Officials in the Biden administration, which continues to roll out climate-oriented funding and regulations proposed in the 2022 Inflation Reduction Act, refer to their efforts as a "whole of government" approach, as the DOT's new standards attempt to reinforce the EPA's rules and vice versa, while IRA funding for EV purchaser tax credits and EV infrastructure continues to be doled out to states.
"These fuel economy standards, rigorously aligned with our investments and standards across the federal government, deliver on the Biden-Harris Administration's promise to build on this momentum and continue to spur job creation, and move faster and faster to tackle the climate crisis," White House national climate advisor Ali Zaidi said in a statement.

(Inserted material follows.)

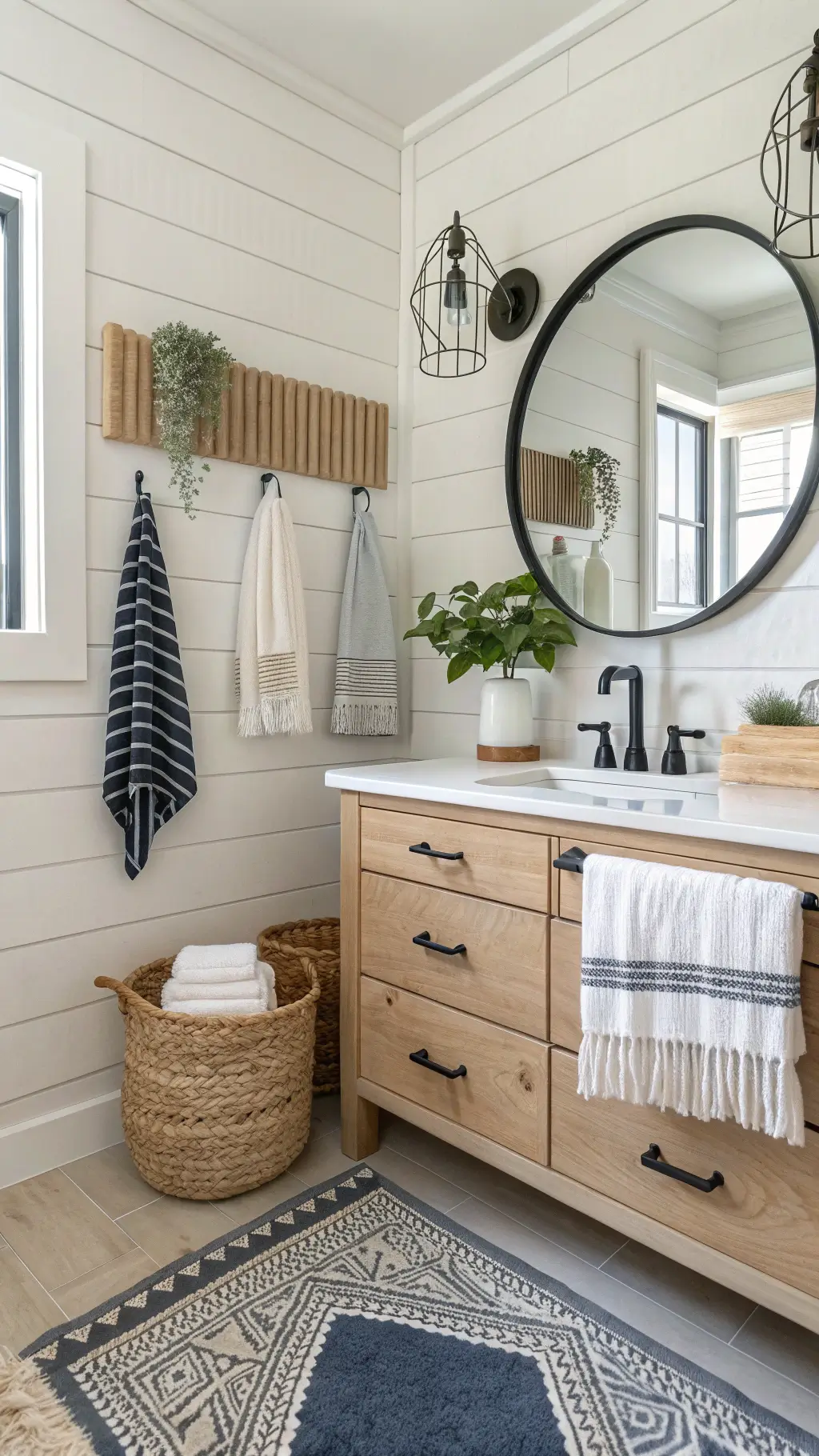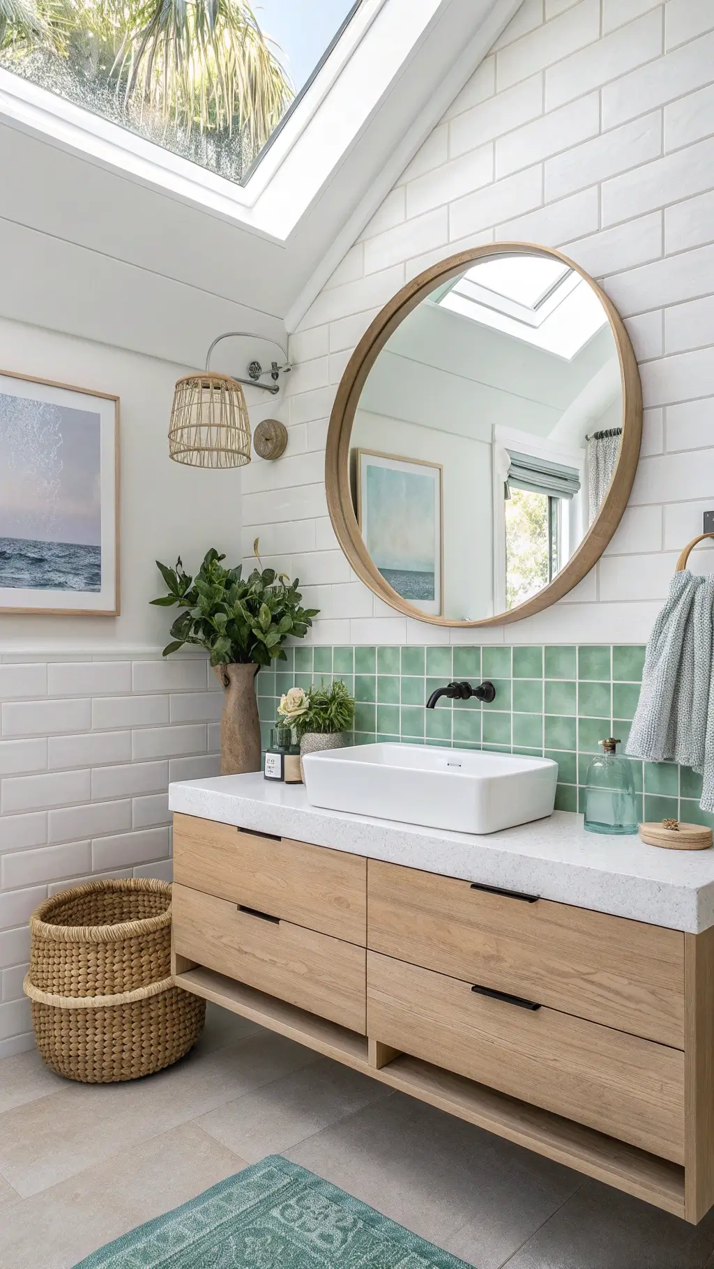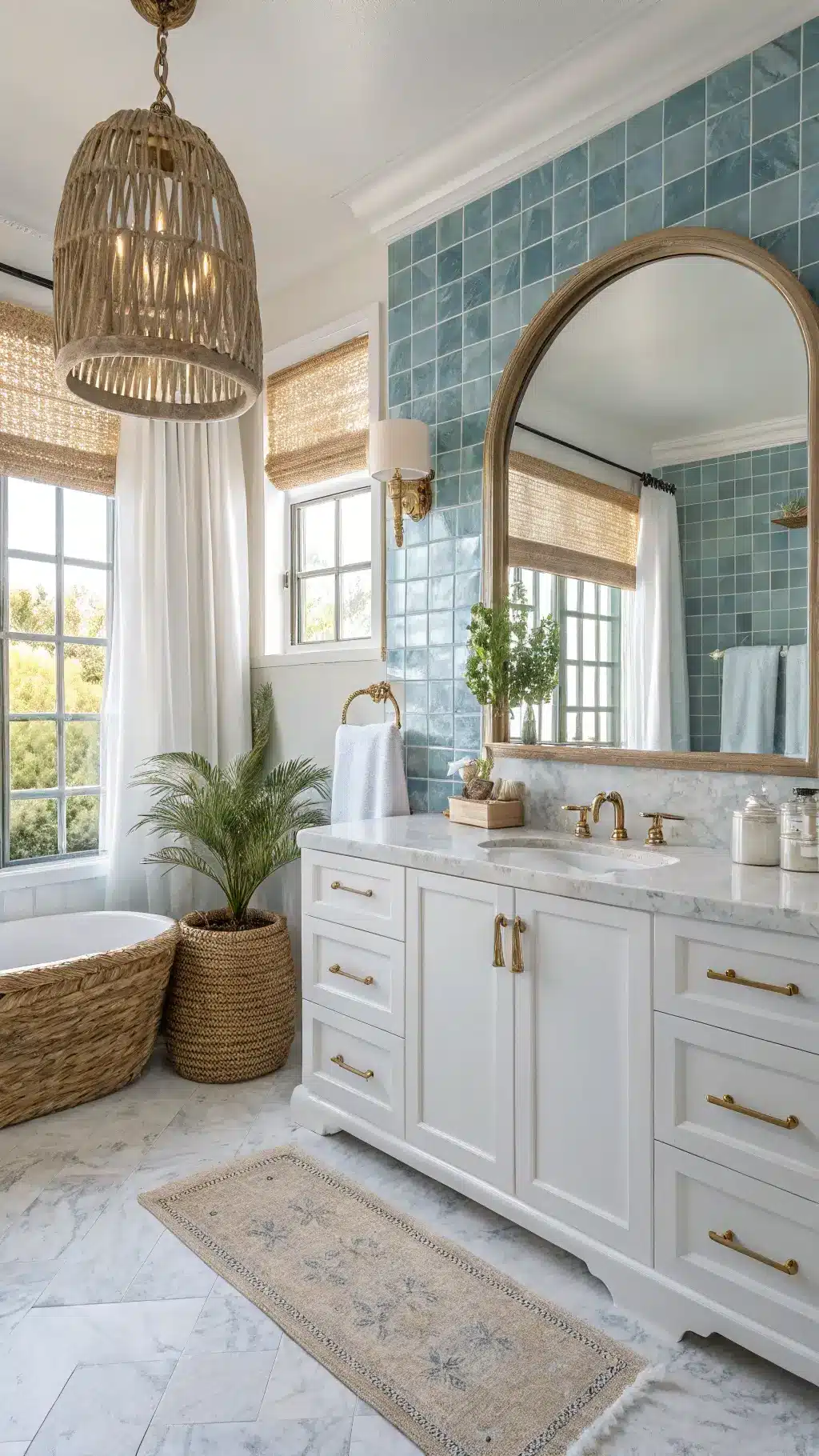 • Materials: Light oak or white-washed wood, rattan, jute, linen, stone, ceramic tile, and glass

Since the EPA's tailpipe emissions announcement Republicans, traditional oil interests and biofuels lobbying groups have criticized the Biden administration's push to electrify the ground fleet, calling it an "EV mandate" that robs US consumers of choice.
"This regulation will make new gas-powered vehicles unavailable or prohibitively expensive for most Americans. For them, this wildly unpopular policy is going to feel and function like a ban," American Fuel & Petrochemical Manufacturers President and CEO Chet Thompson and American Petroleum Institute President and CEO Mike Sommers said in a joint statement in March.
"This rule is delusional," US Senators Pete Ricketts (Republican-Nebraska) and Dan Sullivan (Republican-Alaska) said then. "This is the Biden administration's attempt to get rid of the internal-combustion engine without congressional authority."
Critics have also argued that despite investments in charging infrastructure, US drivers aren't ready for widespread EV adoption, and question whether demand for EVs matches the speed of the administration's ambition.
Still, the US auto industry is on board. John Bozzella, president and CEO of the Alliance for Automotive Innovation, which represents nearly every manufacturer selling cars and light duty trucks in the US, heaped praise on the EPA's rule in March.
"The future is electric," he said then.
In the wake of NHTSA's June 7 CAFE standards announcement, Bozzella said the last of the Biden administration's tailpipe rules would "only work" if all of the rules "worked together."
"It looks like the left hand knew what the right hand was doing," Bozzella said, praising the Biden administration for ensuring automakers won't be in violation of CAFE rules of they comply with EPA standards. "That's the kind of coordination we recommended. So that's good and appreciated."
Bozzella wrote that the auto industry's move toward electrification calls into question whether CAFE standards -- which were created in the 1970s and initially required automobiles to achieve a fuel economy of 13 miles per gallon -- are still needed.
"That's for later," Bozzella wrote. "For today, the administration appears to have landed on a CAFE rule that works with the other recent federal tailpipe rules."